South African retailer Steinhoff has reported a $4 billion operating loss in the 2017 fiscal year, in a much-delayed earnings report revealing the impact of a $7.4 billion accounting fraud.
Steinhoff, which is also listed in Frankfurt, said operating loss came in at €3.7 billion euros in the year ended September 2017, compared with profit of €278 million in the restated 2016 figures.
The company blamed writedowns for the loss as it cleans up its balance sheet.
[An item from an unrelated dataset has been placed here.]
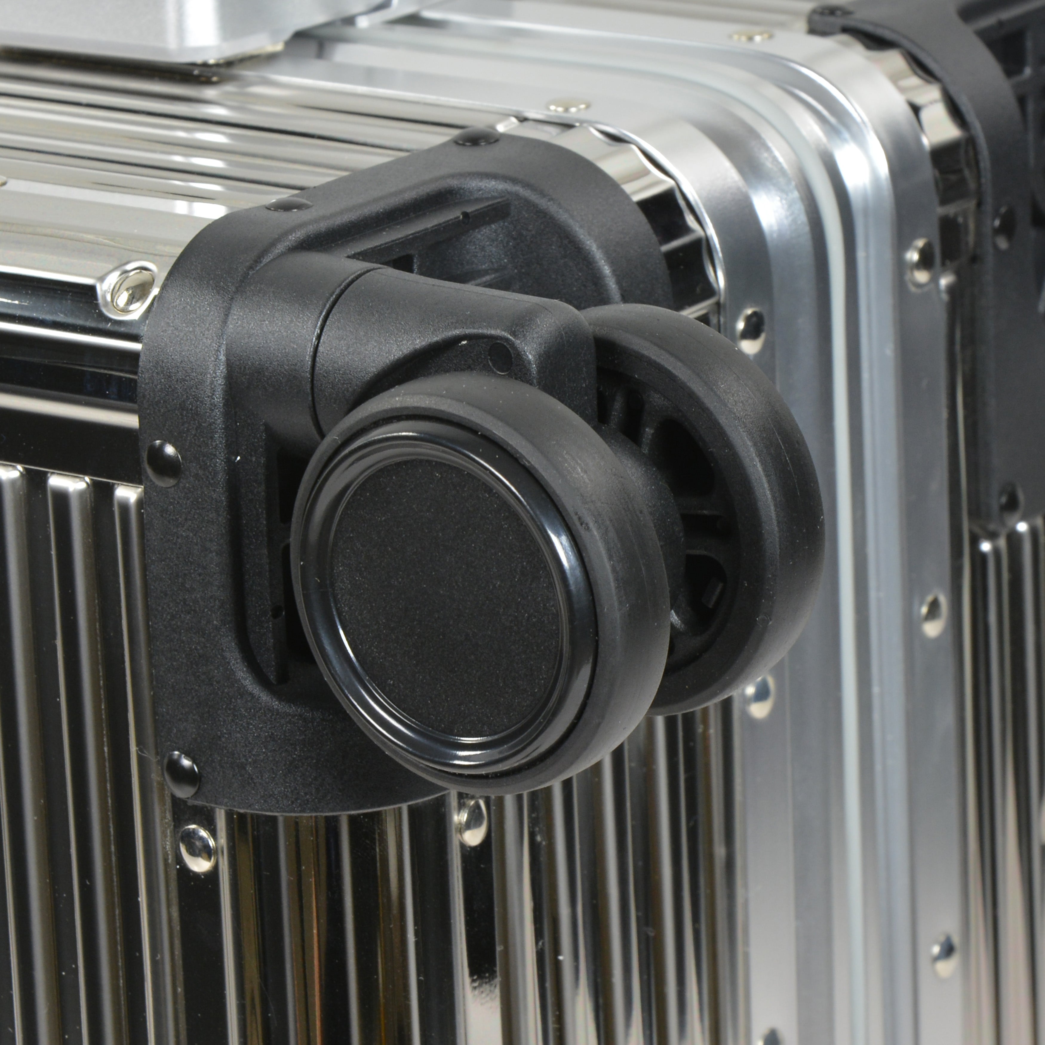 Valigia Ruote sono fissati alla scocca della valigia, nella maggior parte dei casi, mediante viti. Come si può vedere dall'immagine, la Ruote custodia in questo caso non presenta segni o fissaggi dall'esterno. Le viti sono accessibili aprendo la fodera all'interno della valigia.

The total writedowns have already topped €13 billion since revealing the fraud, which wiped out more than 200 billion rand of shareholder equity.
Reversing The Irregularities
"The consequential impact of reversing the accounting irregularities is the fact that the restatements highlight that several of the group’s operating entities are unprofitable," Steinhoff said in a 359-page annual report posted on its website shortly before midnight.
An investigation by auditor PwC released in March found that eight people, including former Steinhoff executives, were involved in a complex scheme where potential intercompany transactions worth €6.5 billion were fraudulently recorded as external income to prop up profits and hide costs in money-losing subsidiaries.
The retailer has delayed releasing results several times as it waited for the findings of the PwC investigation and audit process of its external auditor Deloitte.
The 2018 results are now due on June 18.